Our approach to voting adopts best-practice corporate governance and ties in with our wider stewardship priorities to reflect our clients’ values. We take a strong position on excessive and poorly aligned executive remuneration proposals, gender diversity in company leadership and environmental sustainability.
As part of our active ownership programme, we aim to vote at all public meetings held by our investee companies. In the year to June 2023, we voted on 3,092 resolutions at 196 company meetings.
To increase the impact of our votes we write to all companies prior to the meeting about our plans. We place particular focus on any resolution where we do not propose to support management and provide an overview of our concerns.
To air our dissenting voice, we use our votes when relevant directors are due to be re-elected. For instance, we vote against the chair of the remuneration committee where we have concerns about executive pay plans, the chair of the nomination committee if the company has a poor approach to gender diversity, and the chair if the business is not adequately addressing climate-related risk.
Our voting activity is managed by Institutional Shareholder Services. However, we use a bespoke template which led us to oppose nearly five times as many management proposals as the standard ISS template. The records below illustrate the impact of our template (data for the year to 30 June 2023).
Voting pre-disclosures
Nestlé - AGM on 18 April 2024
Item 7: Shareholder proposal for an amendment to the Articles of Association regarding sales of healthier and less healthy foods
Our vote intention: FOR
Management Recommendation: AGAINST
Summary: The company falls short of our expectations to use internationally accepted standards when assessing the health implications of its products and setting targets for increasing sales of healthier food.
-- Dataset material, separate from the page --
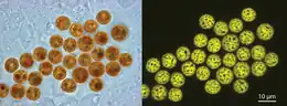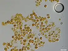 The coccoid cell is surrounded by a cellulosic, usually smooth cell wall that contains large-molecular-weight proteins and glycoproteins.[38][71] Cell walls grow thicker in culture than in hospite.[7] The cell membrane (plasmalemma) is located beneath the cell wall, yet little is known about its composition and function in terms of the regulation of trans-membrane transport of metabolites. During karyokinesis and cytokinesis, the cell wall remains intact until the mastigotes escape the mother cell. In culture, the discarded walls accumulate at the bottom of the culture vessel. It is not known what becomes of the walls from divided cells in hospite.[72] One species, S. pilosum, possesses tufts of hair-like projections from the cell wall; this is the only known surface characteristic used to diagnose a species in the genus.
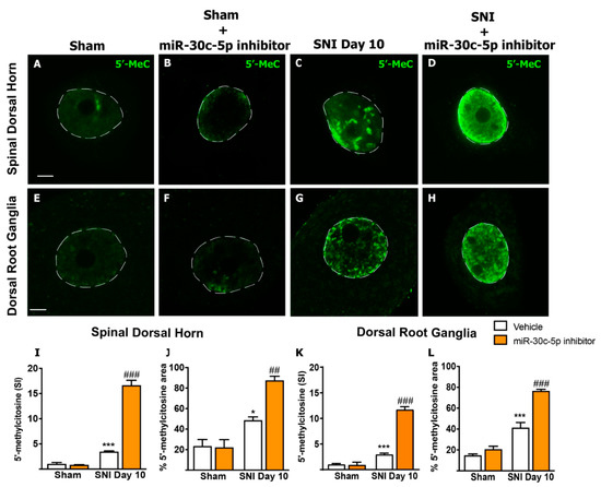 As shown in Figure 1 and Figure S2, the nuclei of SDH and DRG neurons from sham rats treated with either miR-30c-5p-inhibitor or random anti-miR exhibited similarly low 5′-MeC immunoreactive signals (Figure 1A,B,E,F). Importantly, both the 5′-MeC mean signal intensity (SDH: sham + random anti-miR (0.99 ± 0.3, n = 2) vs. 10 days-SNI + random anti-miR (3.42 ± 0.18, n = 3) p < 0.001; 10 days-SNI + miR-30c-5p-inhibitor (16.61 ± 1.02, n = 3) vs. 10 days-SNI + random anti-miR (3.42 ± 0.18, n = 3) p < 0.001, and DRG: sham + random anti-miR (0.99 ± 0.19, n = 3) vs. 10 days-SNI + random anti-miR (2.93 ± 0.27, n = 3) p < 0.001; 10 days-SNI + miR-30c-5p-inhibitor (11.69 ± 0.59, n = 3) vs. 10 days-SNI + random anti-miR (2.93 ± 0.27, n = 3) p < 0.001) and the percentage of the nuclear area immunolabeled (SDH: sham + random anti-miR (23.26 ± 6.64, n = 2) vs. 10 days-SNI + random anti-miR (48.43 ± 3.5, n = 3) p < 0.01; 10 days-SNI + miR-30c-5p-inhibitor (87.34 ± 4.2, n = 3) vs. 10 days-SNI + random anti-miR (48.43 ± 3.5, n = 3) p < 0.01, and DRG: sham + random anti-miR (14.66 ± 1.43, n = 3) vs. 10 days-SNI + random anti-miR (41.19 ± 5.03, n = 3) p < 0.001; 10 days-SNI + miR-30c-5p-inhibitor (76.45 ± 3.07, n = 3) vs. 10 days-SNI + random anti-miR (41.19 ± 5.03, n = 3) p < 0.001) increased significantly after SNI and were even stronger in SNI rats treated with miR-30c-5p-inhibitor (Figure 1C,D,G–L).

Background: Good nutrition is fundamental to good health, yet humankind is facing a growing epidemic of diet-related ill-health. We support ShareAction’s Healthy Markets Initiative and the Access to Nutrition Index. Through this collaborative engagement we are asking Nestlé, and other companies, to commit to producing healthier products and to make these products more accessible, more affordable and more available.
By engaging with companies on nutrition we can make business models more resilient and play a role in improving public health.
Engagement to date: Over the last few years of engagement, we recognise the progress that Nestlé has made, particularly having agreed to set a sales-based target to increase sales of healthy products despite initially stating it was too early to do so.
However, while this is a step in the right direction, we are disappointed that the target is absolute and not proportional. Furthermore, some products that Nestlé classes as ‘nutritious’ for the purpose of the target (such as coffee) are typically not included in internationally accepted nutrition standards such as the Health Star Rating. Item 7 at the Nestlé AGM addresses these concerns.
Our end goal: For Nestlé to set a proportional target for sales of healthier products using government endorsed nutrient profiling models.